Dambrine Marc, Khan Akhtar A, Sama Miguel
Laboratoire de Mathématiques et de leurs Applications, Université de Pau et des Pays de l'Adour, E2S UPPA, CNRS, LMAP, 64013 Pau Cedex, France.
School of Mathematical Sciences, Rochester Institute of Technology, 85 Lomb Memorial Drive, Rochester, NY 14623, USA.
Philos Trans A Math Phys Eng Sci. 2022 Nov 14;380(2236):20210352. doi: 10.1098/rsta.2021.0352. Epub 2022 Sep 26.
Numerous applied models used in the study of optimal control problems, inverse problems, shape optimization, machine learning, fractional programming, neural networks, image registration and so on lead to stochastic optimization problems in Hilbert spaces. Under a suitable convexity assumption on the objective function, a necessary and sufficient optimality condition for stochastic optimization problems is a stochastic variational inequality. This article presents a new stochastic regularized second-order iterative scheme for solving a variational inequality in a stochastic environment where the primary operator is accessed by employing sampling techniques. The proposed iterative scheme, which fits within the general framework of the stochastic approximation approach, has its almost-sure convergence analysis given in a Hilbert space.

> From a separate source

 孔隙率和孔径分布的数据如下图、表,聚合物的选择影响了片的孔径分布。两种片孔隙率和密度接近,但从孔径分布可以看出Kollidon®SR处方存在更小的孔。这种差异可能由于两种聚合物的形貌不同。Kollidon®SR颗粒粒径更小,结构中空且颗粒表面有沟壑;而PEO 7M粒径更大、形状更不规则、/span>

We test the feasibility and the efficacy of the proposed stochastic approximation approach for a stochastic optimal control problem and a stochastic inverse problem, both associated with a second-order stochastic partial differential equation. This article is part of the theme issue 'Non-smooth variational problems and applications'.

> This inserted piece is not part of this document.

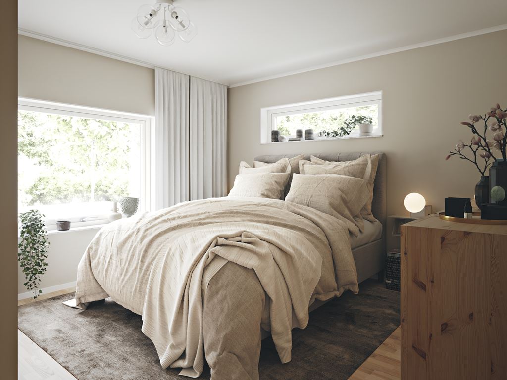 På ena sidan av husets härlighet ligger tre sovrum grupperade runt ett trivsamt allrum samt toalett med dusch. Kanske blir det barnens egen domän? Kanske vill du driva verksamhet hemma? Polstjärna är ett hus med många möjligheter. Master bedroom hittar vi istället på andra sidan av huset, i gott sällskap av badrum och klädkammare. Husets fina tvättstuga hittar vi i anslutning till entrén.

许多应用于最优控制问题、反问题、形状优化、机器学习、分式规划、神经网络、图像配准等研究中的模型都会导致希尔伯特空间中的随机优化问题。在目标函数的适当凸性假设下,随机优化问题的一个充要最优性条件是一个随机变分不等式。本文提出了一种新的随机正则化二阶迭代格式,用于求解随机环境下的变分不等式,其中主要算子是通过采样技术获取的。所提出的迭代格式符合随机逼近方法的一般框架,其几乎必然收敛性分析是在希尔伯特空间中给出的。我们针对与二阶随机偏微分方程相关的一个随机最优控制问题和一个随机反问题,测试了所提出的随机逼近方法的可行性和有效性。本文是“非光滑变分问题及应用”主题专刊的一部分。